Gender does matter in New Hampshire

What explains the difference between men and women in business and nonprofit leadership?

New Hampshire women are among the best educated in the nation, as measured by the percentage of women with a bachelor’s degree or higher. So why is it that of the top 100 private companies in New Hampshire (as measured by total sales) only eight firms listed women as the top executive? And among the top 25 New Hampshire-based firms, only one was headed by a woman?

The percentage of men and women with bachelor’s degrees or higher in New Hampshire ranks above the national rate so we are fortunate to have well-educated men and women, but what explains the difference between men and women in business and nonprofit leadership?

Gender matters.

The New Hampshire Women’s Initiative has just released its July 2013 edition of the Gender Matters series, “Educational Attainment and Business/Nonprofit Leadership” (view it at nhwi.org), providing data that reflects a statistically significant difference between men and women in this area.

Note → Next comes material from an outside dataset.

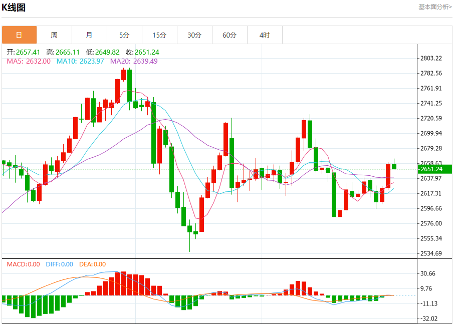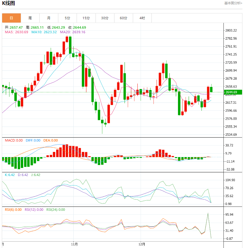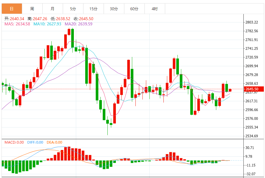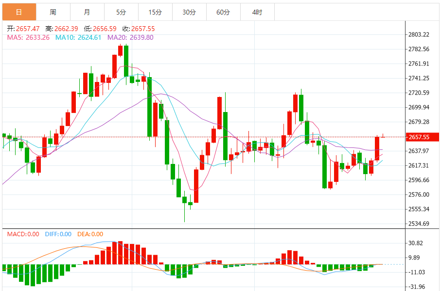 金价周四大涨1.28%,盘中触及逾两周新高至2660.34美元/盎司,收报2657.89美元/盎司,受避险买盘推动,市场评估美联储利率前景和美国当选总统特朗普贸易关税提议的可能影响。黄金价格一度触及每盎司2665美元的高点。从技术面来看,这一水平可能成为一个卖出黄金的良好机会。历史数据显示,黄金价格通常在这一水平附近出现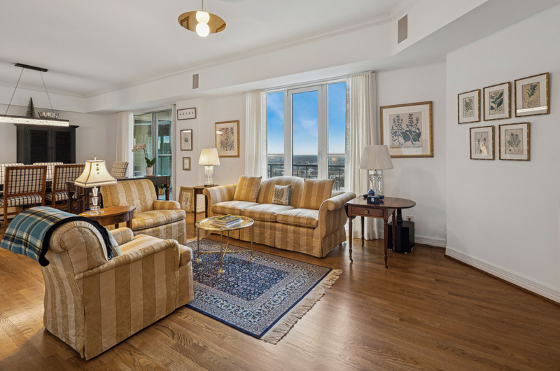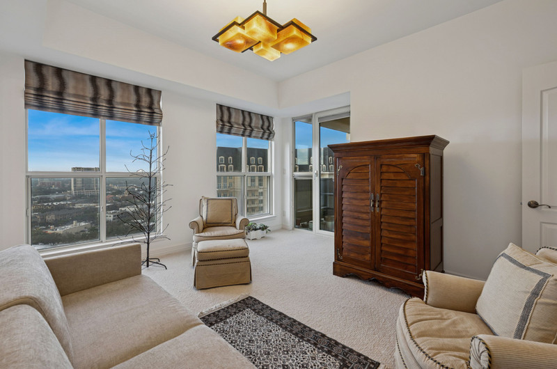Residents enjoy a premier location adjacent to Turtle Creek Park with easy access to the Katy Trail, Uptown, and Downtown Dallas. Amenities include the Sky Club and Mayfair Room with panoramic skyline views, fitness center, coffee bar, and a rooftop terrace with pool and hot tub.

Whether you view “gender matters” as a title of this publication, or as a statement in which the word “matters” is a verb rather than a noun, the report is worth pondering.

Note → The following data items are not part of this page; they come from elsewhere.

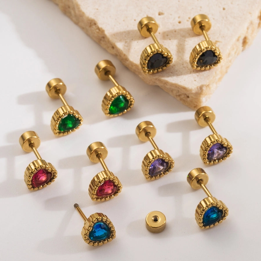 Express your love for timeless elegance with our Minimalist Heart Crystal Stud Earrings, meticulously crafted from durable stainless steel and luxuriously coated with a delicate 14k gold finish. These earrings feature a charming heart-shaped design adorned with a sparkling zircon crystal, available in a variety of captivating colors to suit your mood and style.
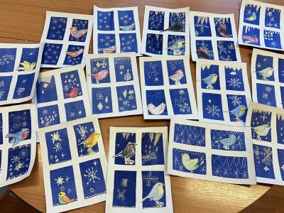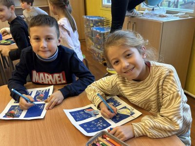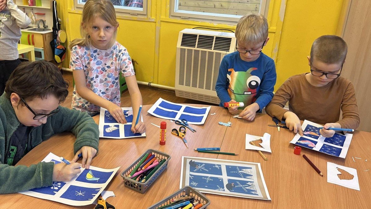 Tento týden jsme zažili opravdovou zimu. Mrazivé počasí nám vykouzlilo na oknech nádherné ledové ornamenty a venku občas i tiše sněžilo. Tato zimní atmosféra nás inspirovala k vytvoření nových výtvarných prací.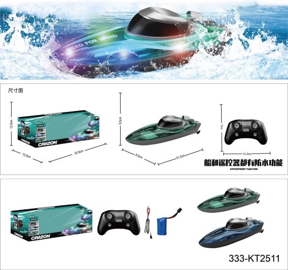 Zdalnie sterowana łódź z podświetleniem dla dzieci od trzeciego roku życia. Łódź wykonano z wytrzymałego tworzywa ABS, co zapewnia jej długą żywotność, zasilana jest akumulatorem typu 7,4 V, co zapewnia jej ok. 20 minut działania, ładowanie to ok. 3 godziny. Pilot jest wodoodporny i zasilany bateriami typu 2 x AA 1,5 V (brak w zestawie). Łódź zaczyna działać po włożeniu jej do wody, może płynąć we wszystkich kierunkach i wykonywać obroty o 360 stopni. Zasięg zdalnej kontroli to aż 30 m. Łódź posiada podświetlenie, co zwiększa jej widoczność i daje niesamowite efekty świetlne na wodzie.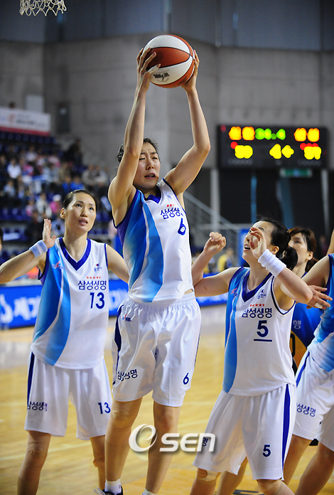 '2008-2009 KB국민은행 여자프로농구' 용인 삼성생명과 안산 신한은행의 경기가 13일 경기도 용인실내체육관에서 열렸다. 이 날 경기에서 신한은행은 삼성생명과의 접전 끝에 진미정(19점)과 하은주(16점 8리바운드)의 활약에 힘입어 61-58로 승리를 거뒀다. 이로써 신한은행은 3승 1패를 기록하며 이날 경기가 없었던 금호생명과 신세계를 제치고 단독 선두로 올라섰다. 경기 종료가 얼마 남지 않은 상태에서 삼성생명의 홍보람이 동료들 사이에서 리바운드를 잡고 있다./용인=민경훈 기자 rumi@osen.co.kr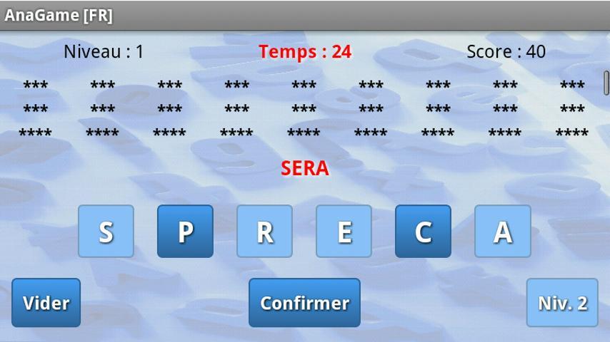 Realize a maximum of FRENCH anagrams from 3 to 6 letters before the end of granted time.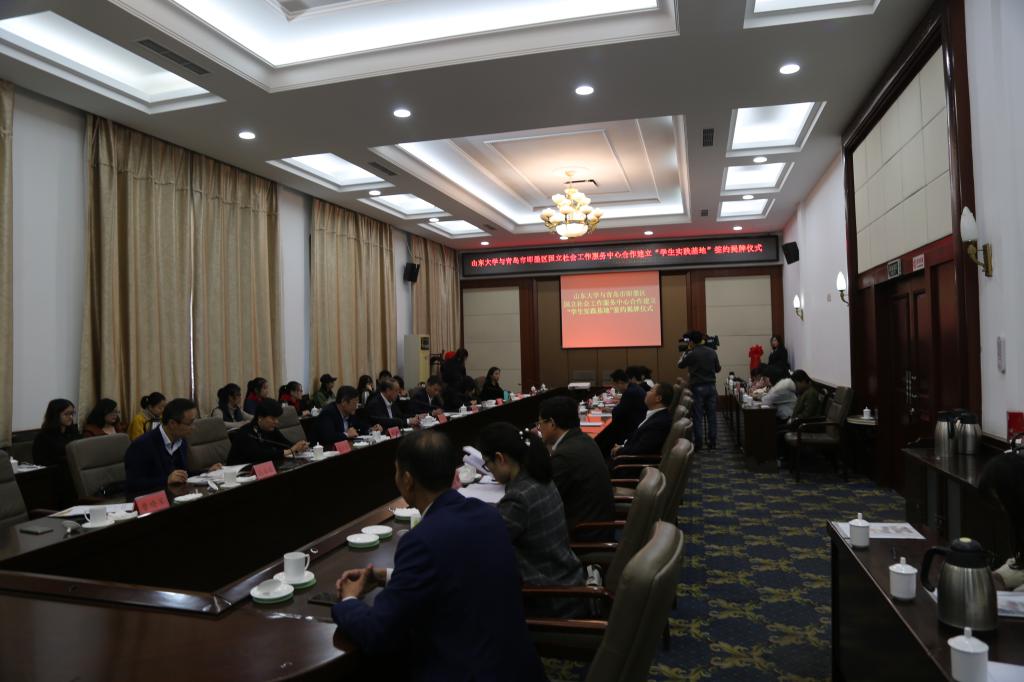 (青岛)团工委书记张杨与王文华代表双方在合作协议上签字。宋宗军、郭邦礼共同为“学生实践基地”揭牌,宋宗军、宋作标共同为“四社联动课题组”揭牌。

Eight years ago, the New Hampshire Women’s Policy Institute, a precursor to NHWI, completed a study on the economic working status of working women in New Hampshire.

That report concluded that education alone is not the answer to income inequality. Well-educated, full-time working women in New Hampshire earned significantly less than their male counterparts. Moreover, earnings disparity grew the higher the level of education. New Hampshire women with doctoral degrees working full time earned roughly two-thirds of their male counterparts.

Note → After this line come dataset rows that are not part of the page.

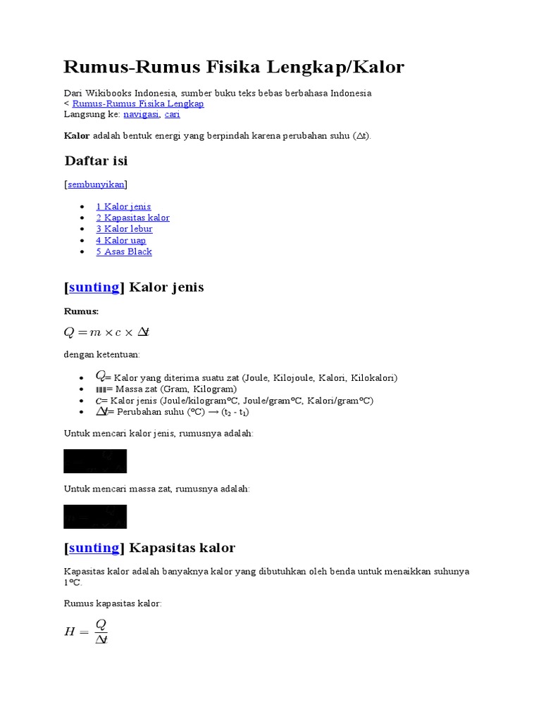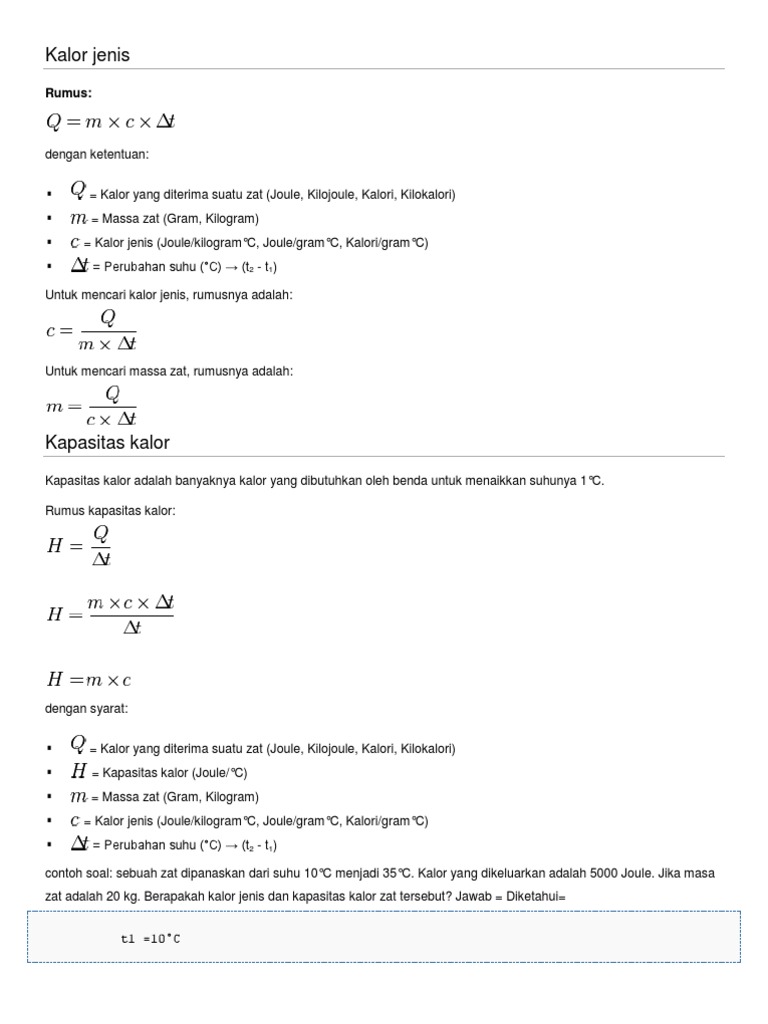 tuliskan rumus kalor lengkap dengan keteranganya - Brainly.co.id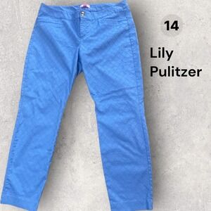 Lilly Pulitzer Blue Jacquard Quatrefoil Ankle Pants Size 14 Slim Stretch NWOT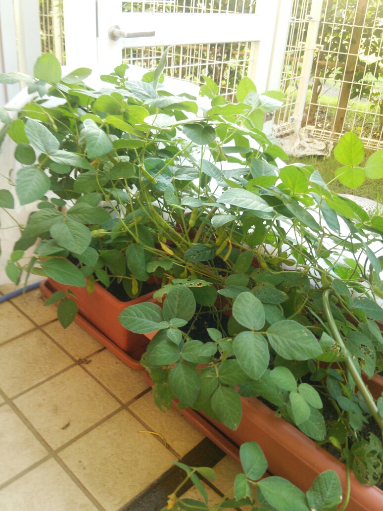 この「子供同伴の選挙」を今秋から認められるように法改正するそうです。ということは今までは子育て家庭の意見は届いてなかった部分もあるんですね・・・。 私の知らない部分でいろいろと問題があるのでしょうが、改良となることを願います。 本題。 先日1度目の収穫をした枝豆の状況です。 ちょっとカオス的でワサワサしていますが、こんなものでしょうか。 順調に実が付き大きくなっています。 ところどころ葉っぱは食われていますが。 また来週再来週くらいに収穫できるでしょうか。 子育て世代が子供同伴でも栽培できる枝豆、当たり前か。 すくすくと育って欲しいものです。 PR 【スポンサーリンク】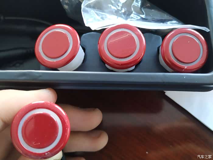 这就是四个雷达,一开始还担心这个颜色会比较有色差,看到以后完全没有,因为我的这个是波尔多红,比较不常见,这个也应该是铁将军家才可以做到吧,颜色的差别基本没有。

Data reflected a lifetime marriage penalty for women. An interesting footnote is that men did better once they were married, the reverse of what happened to women — when both were working full time.

New Hampshire’s low percentage of women in leadership and decision-making positions suggests a granite ceiling for women. Such low representation of women in corporate governance has significant implications for future economic and leadership opportunities for women in the state.

In 2012, New Hampshire boasted of a 100 percent female delegation in Washington, a woman governor and a woman speaker of the N.H. House of Representatives. Clearly, in the public sector, women are recognized as able and effective leaders. So why, of the state’s 23 nonprofit hospitals, are only three led by women CEOs, and only five of the 11 public higher education institutions led by women?

The business and nonprofit sectors are locking out an important cohort of able leaders. Their institutions and the state stand to lose if this pattern continues. Gender Matters!

Marjorie Smith is a Democrat state representative from Durham.